■ DIRECTIONS ■
Although the records include pictures, print only the rest, exactly as written.

■ SUPPLIED MATERIAL ■
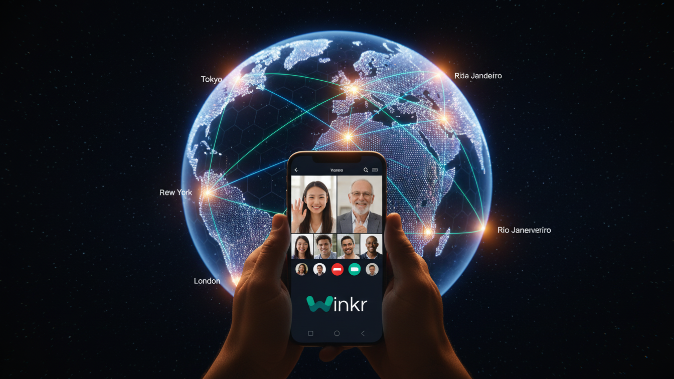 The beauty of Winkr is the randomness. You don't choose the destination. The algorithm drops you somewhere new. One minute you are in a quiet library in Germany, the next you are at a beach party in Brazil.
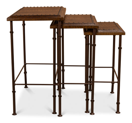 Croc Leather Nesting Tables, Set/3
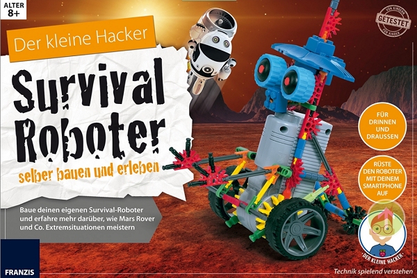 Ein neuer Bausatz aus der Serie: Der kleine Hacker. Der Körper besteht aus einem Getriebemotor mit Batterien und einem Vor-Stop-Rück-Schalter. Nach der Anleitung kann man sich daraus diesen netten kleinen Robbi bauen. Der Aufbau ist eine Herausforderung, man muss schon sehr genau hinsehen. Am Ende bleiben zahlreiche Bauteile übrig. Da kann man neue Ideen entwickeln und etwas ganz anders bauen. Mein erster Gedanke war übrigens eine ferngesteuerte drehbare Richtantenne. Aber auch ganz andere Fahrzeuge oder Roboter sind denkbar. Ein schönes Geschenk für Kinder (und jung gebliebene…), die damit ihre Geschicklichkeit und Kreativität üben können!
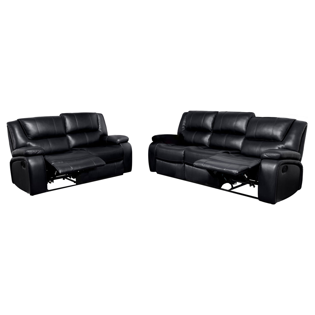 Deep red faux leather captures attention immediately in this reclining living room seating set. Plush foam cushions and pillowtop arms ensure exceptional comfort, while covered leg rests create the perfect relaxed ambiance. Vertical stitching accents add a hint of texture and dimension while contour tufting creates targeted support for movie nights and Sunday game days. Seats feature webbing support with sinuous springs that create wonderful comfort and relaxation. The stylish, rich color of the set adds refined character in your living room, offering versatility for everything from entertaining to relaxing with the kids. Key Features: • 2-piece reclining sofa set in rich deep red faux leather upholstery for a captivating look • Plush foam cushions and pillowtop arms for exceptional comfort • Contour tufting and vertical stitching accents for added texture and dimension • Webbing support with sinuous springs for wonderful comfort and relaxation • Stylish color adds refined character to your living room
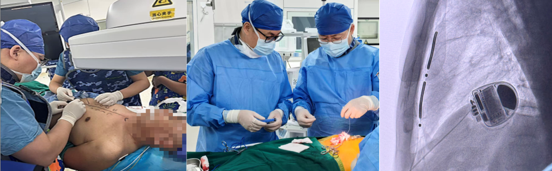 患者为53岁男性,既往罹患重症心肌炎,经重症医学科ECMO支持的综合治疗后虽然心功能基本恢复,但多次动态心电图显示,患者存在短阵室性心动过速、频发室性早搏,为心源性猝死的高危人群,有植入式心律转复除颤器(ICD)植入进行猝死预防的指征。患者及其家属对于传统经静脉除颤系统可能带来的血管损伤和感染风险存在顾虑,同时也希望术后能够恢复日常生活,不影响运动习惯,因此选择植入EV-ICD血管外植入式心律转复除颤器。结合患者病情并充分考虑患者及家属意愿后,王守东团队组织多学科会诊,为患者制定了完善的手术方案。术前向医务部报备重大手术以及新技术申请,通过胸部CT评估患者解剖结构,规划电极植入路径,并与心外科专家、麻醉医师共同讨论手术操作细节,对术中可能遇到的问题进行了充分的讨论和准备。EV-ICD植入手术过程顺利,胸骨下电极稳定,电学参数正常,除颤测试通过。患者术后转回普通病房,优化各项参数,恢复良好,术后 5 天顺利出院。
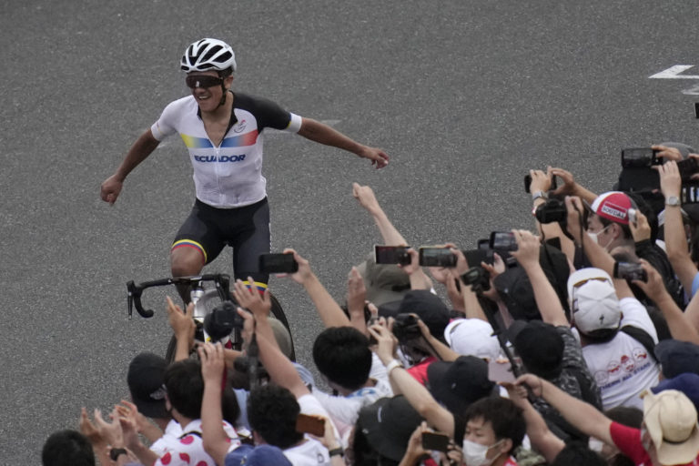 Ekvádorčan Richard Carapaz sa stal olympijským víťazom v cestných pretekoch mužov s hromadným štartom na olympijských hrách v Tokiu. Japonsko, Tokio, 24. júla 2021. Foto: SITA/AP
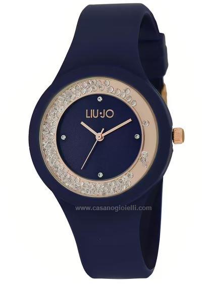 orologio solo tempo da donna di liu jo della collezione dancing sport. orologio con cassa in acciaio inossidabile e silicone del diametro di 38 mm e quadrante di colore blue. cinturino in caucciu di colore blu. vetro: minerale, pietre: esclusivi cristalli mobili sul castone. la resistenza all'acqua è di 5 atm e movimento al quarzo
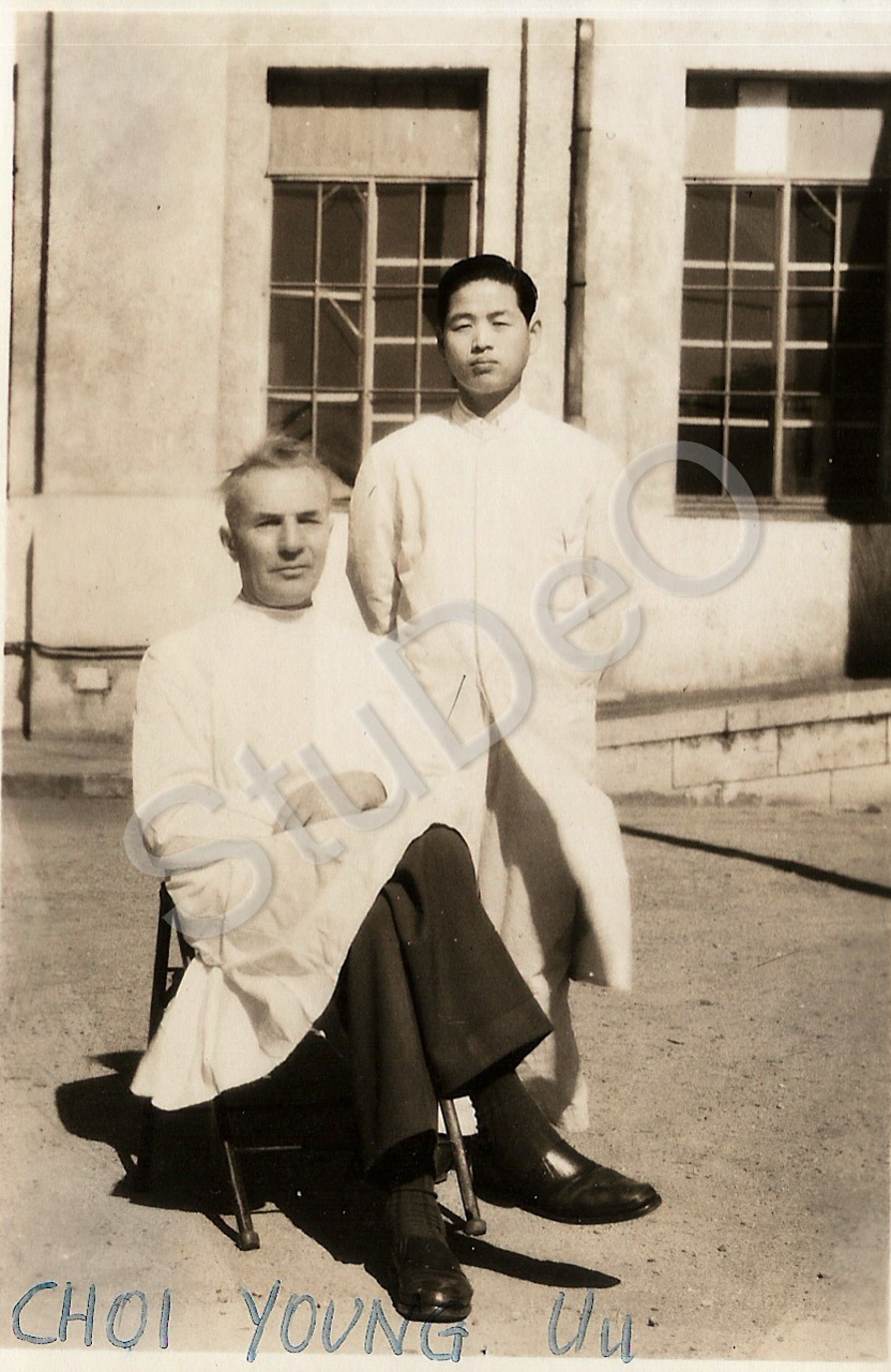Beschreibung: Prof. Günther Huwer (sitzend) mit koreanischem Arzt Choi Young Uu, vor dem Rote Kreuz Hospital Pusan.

■ RESULT ■
 The beauty of Winkr is the randomness. You don't choose the destination. The algorithm drops you somewhere new. One minute you are in a quiet library in Germany, the next you are at a beach party in Brazil.
 Croc Leather Nesting Tables, Set/3
 Ein neuer Bausatz aus der Serie: Der kleine Hacker. Der Körper besteht aus einem Getriebemotor mit Batterien und einem Vor-Stop-Rück-Schalter. Nach der Anleitung kann man sich daraus diesen netten kleinen Robbi bauen. Der Aufbau ist eine Herausforderung, man muss schon sehr genau hinsehen. Am Ende bleiben zahlreiche Bauteile übrig. Da kann man neue Ideen entwickeln und etwas ganz anders bauen. Mein erster Gedanke war übrigens eine ferngesteuerte drehbare Richtantenne. Aber auch ganz andere Fahrzeuge oder Roboter sind denkbar. Ein schönes Geschenk für Kinder (und jung gebliebene…), die damit ihre Geschicklichkeit und Kreativität üben können!
 Deep red faux leather captures attention immediately in this reclining living room seating set. Plush foam cushions and pillowtop arms ensure exceptional comfort, while covered leg rests create the perfect relaxed ambiance. Vertical stitching accents add a hint of texture and dimension while contour tufting creates targeted support for movie nights and Sunday game days. Seats feature webbing support with sinuous springs that create wonderful comfort and relaxation. The stylish, rich color of the set adds refined character in your living room, offering versatility for everything from entertaining to relaxing with the kids. Key Features: • 2-piece reclining sofa set in rich deep red faux leather upholstery for a captivating look • Plush foam cushions and pillowtop arms for exceptional comfort • Contour tufting and vertical stitching accents for added texture and dimension • Webbing support with sinuous springs for wonderful comfort and relaxation • Stylish color adds refined character to your living room
 患者为53岁男性,既往罹患重症心肌炎,经重症医学科ECMO支持的综合治疗后虽然心功能基本恢复,但多次动态心电图显示,患者存在短阵室性心动过速、频发室性早搏,为心源性猝死的高危人群,有植入式心律转复除颤器(ICD)植入进行猝死预防的指征。患者及其家属对于传统经静脉除颤系统可能带来的血管损伤和感染风险存在顾虑,同时也希望术后能够恢复日常生活,不影响运动习惯,因此选择植入EV-ICD血管外植入式心律转复除颤器。结合患者病情并充分考虑患者及家属意愿后,王守东团队组织多学科会诊,为患者制定了完善的手术方案。术前向医务部报备重大手术以及新技术申请,通过胸部CT评估患者解剖结构,规划电极植入路径,并与心外科专家、麻醉医师共同讨论手术操作细节,对术中可能遇到的问题进行了充分的讨论和准备。EV-ICD植入手术过程顺利,胸骨下电极稳定,电学参数正常,除颤测试通过。患者术后转回普通病房,优化各项参数,恢复良好,术后 5 天顺利出院。
 Ekvádorčan Richard Carapaz sa stal olympijským víťazom v cestných pretekoch mužov s hromadným štartom na olympijských hrách v Tokiu. Japonsko, Tokio, 24. júla 2021. Foto: SITA/AP
 orologio solo tempo da donna di liu jo della collezione dancing sport. orologio con cassa in acciaio inossidabile e silicone del diametro di 38 mm e quadrante di colore blue. cinturino in caucciu di colore blu. vetro: minerale, pietre: esclusivi cristalli mobili sul castone. la resistenza all'acqua è di 5 atm e movimento al quarzo
Beschreibung: Prof. Günther Huwer (sitzend) mit koreanischem Arzt Choi Young Uu, vor dem Rote Kreuz Hospital Pusan.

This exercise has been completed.